**RECORDS PROVIDED**.
--- --- ---
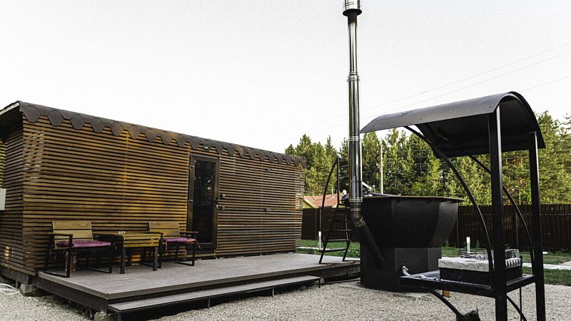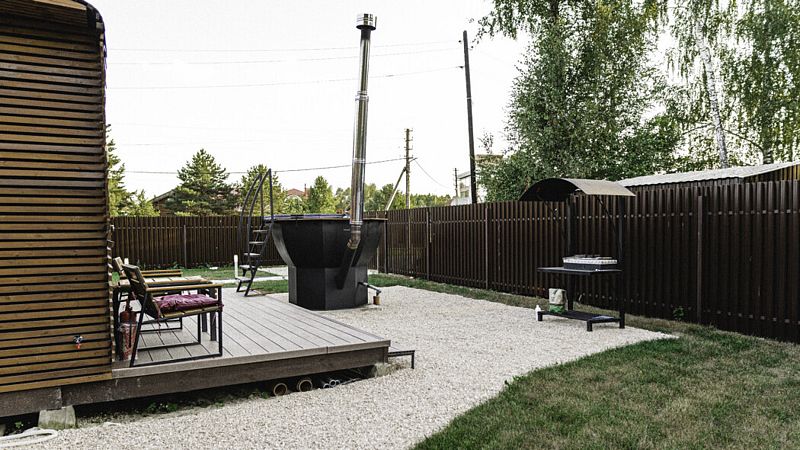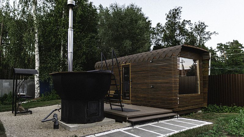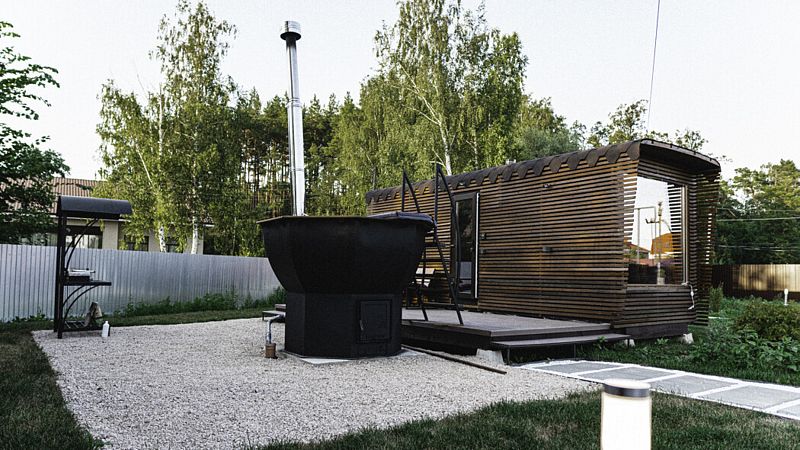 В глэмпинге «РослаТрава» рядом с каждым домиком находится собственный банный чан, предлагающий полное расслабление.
--- --- ---
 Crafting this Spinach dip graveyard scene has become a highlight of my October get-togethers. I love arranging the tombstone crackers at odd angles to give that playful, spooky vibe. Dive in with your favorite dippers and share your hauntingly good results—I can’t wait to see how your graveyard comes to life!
--- --- ---
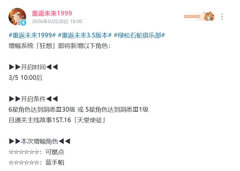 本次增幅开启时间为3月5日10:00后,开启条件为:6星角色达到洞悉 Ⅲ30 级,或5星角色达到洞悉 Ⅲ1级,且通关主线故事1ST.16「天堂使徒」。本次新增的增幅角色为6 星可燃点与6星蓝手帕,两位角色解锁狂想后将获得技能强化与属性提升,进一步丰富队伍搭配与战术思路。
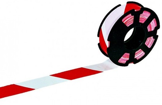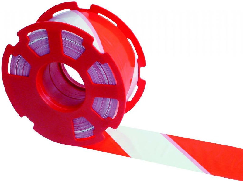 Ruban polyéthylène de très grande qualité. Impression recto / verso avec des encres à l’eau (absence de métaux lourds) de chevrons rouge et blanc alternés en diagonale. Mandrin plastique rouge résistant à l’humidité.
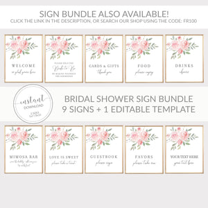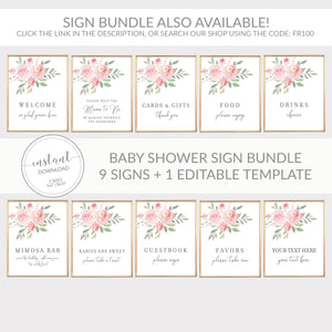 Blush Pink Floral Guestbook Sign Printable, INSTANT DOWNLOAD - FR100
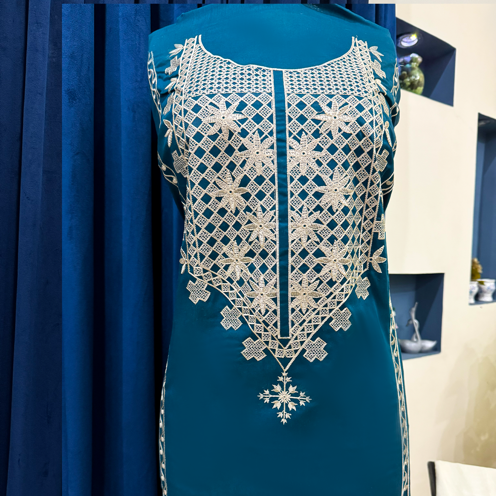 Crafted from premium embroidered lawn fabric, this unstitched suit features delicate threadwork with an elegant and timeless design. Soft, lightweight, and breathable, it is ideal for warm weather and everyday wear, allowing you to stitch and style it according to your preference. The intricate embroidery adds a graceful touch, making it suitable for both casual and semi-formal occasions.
--- --- ---
**ACTIVITY**.
In the records above, everything from the line with "Ruban polyéthylène de" down to the line with "Crafted from premium" must be duplicated exactly, both lines kept. Leave no pictures in.

**ANSWER TO THIS TASK**.
 Ruban polyéthylène de très grande qualité. Impression recto / verso avec des encres à l’eau (absence de métaux lourds) de chevrons rouge et blanc alternés en diagonale. Mandrin plastique rouge résistant à l’humidité.
 Blush Pink Floral Guestbook Sign Printable, INSTANT DOWNLOAD - FR100
 Crafted from premium embroidered lawn fabric, this unstitched suit features delicate threadwork with an elegant and timeless design. Soft, lightweight, and breathable, it is ideal for warm weather and everyday wear, allowing you to stitch and style it according to your preference. The intricate embroidery adds a graceful touch, making it suitable for both casual and semi-formal occasions.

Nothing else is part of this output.